Cycling’s high profile, particularly in Europe, means that doping scandals, like Festina and Puerto, have been big news, but, he adds, ‘it’s not the only sport with a doping problem.’

He reels off the major scandals of the past ten years and concludes that there have been so many busts, particularly in the Tour, that it’s akin to having the entire field in the Olympic final of the 100 metres disqualified.

‘A few years ago, the public watching the Tour might have said, “I wonder if any of them are using drugs,” and now they say, “I wonder if any of them are
not
using drugs.” That’s the price you pay, the price that all sports pay, for letting things get out of hand.’

Dick Pound wanted cycling to step up to the plate, to take responsibility. ‘We gave them suggestions on their testing programme, which we thought was very ineffective and designed “around” the problem, rather than to catch dopers. Up until recently,’ Pound argued, ‘the fight against doping has been pretty limited. If you didn’t find traces of a substance in an athlete’s system, then there was no doping. Yet all the people in the entourages were going unchecked and unsanctioned. Now, with public authorities able to go in and seize evidence and question witnesses, it gives us a much broader ability to get the enablers, suppliers and the medical practitioners who are assisting in all this. It gives us a much more vigorous arsenal of weapons.’

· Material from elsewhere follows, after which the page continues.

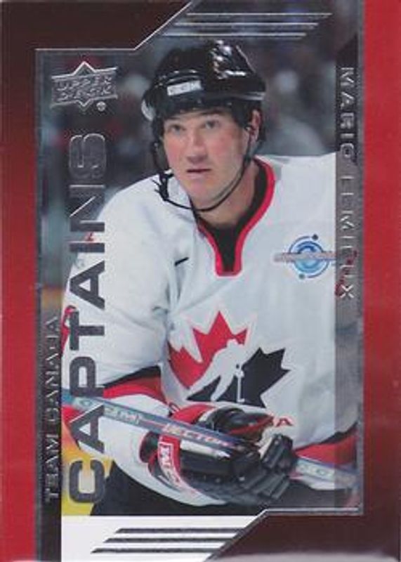 The Mario Lemieux 2013 Upper Deck Team Canada #C9 Captains card is 1 of 14 Mario Lemieux's card variations in the 2013 Upper Deck Team Canada set being tracked by Sports Card Investor, including Base, Gold Signatures, Exclusive Red /100, High Gloss Gold /10, and Black Signatures /5.
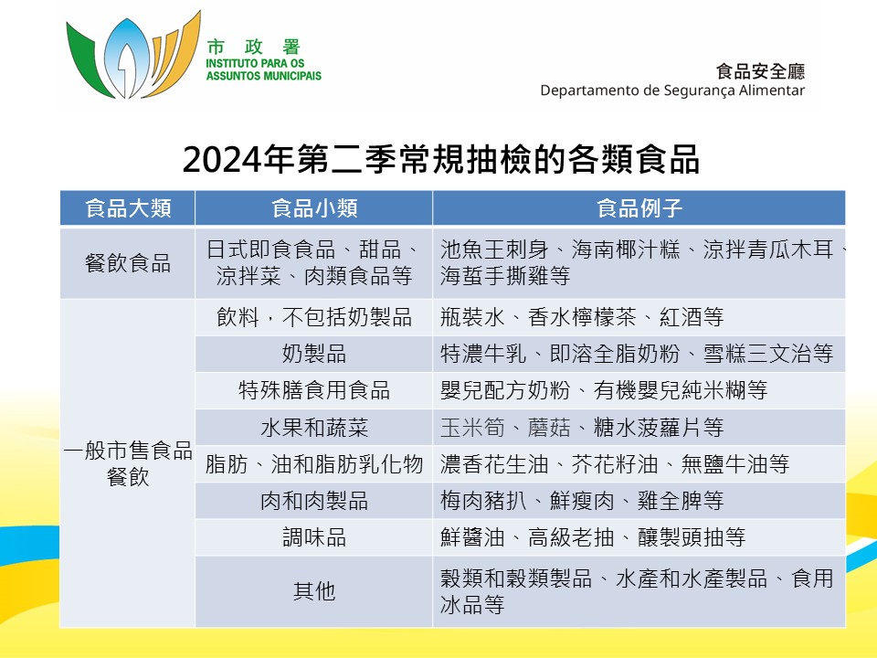 第二季抽檢的537個食品樣本中,包括308個一般市售食品樣本和229個餐飲食品樣本,抽檢點涵蓋本澳各區餐廳、酒樓、食肆、外賣店、超級巿場、凍肉店、雜貨店及藥妝店等。市政署對相關食品樣本進行了檢測,當中微生物檢測項目包括沙門氏菌屬、單核細胞增生李斯特氏菌、蠟樣芽孢桿菌及銅綠假單胞菌等常見致病菌;化學檢測項目包括重金屬、禁用物質、食品添加劑及真菌毒素等。

Sounds great, I say, this arsenal of weapons – police raids, secret surveillance, informers, DNA testing and so on – but what happened to athletes not doping themselves because it is wrong? What happened to the ideals of fair play, honour, respect for your rival – all the things that lift sport out of the maelstrom of everyday life and give it real meaning?

‘Yep,’ says Dick Pound. ‘I know. I agree entirely. There are sociopaths out there. That’s why we have a police force. That’s
why
we have security checks at airports. That’s an unfortunate fact of life. We’re now paying the price for the sports authorities letting this get out of control and closing their eyes to it.’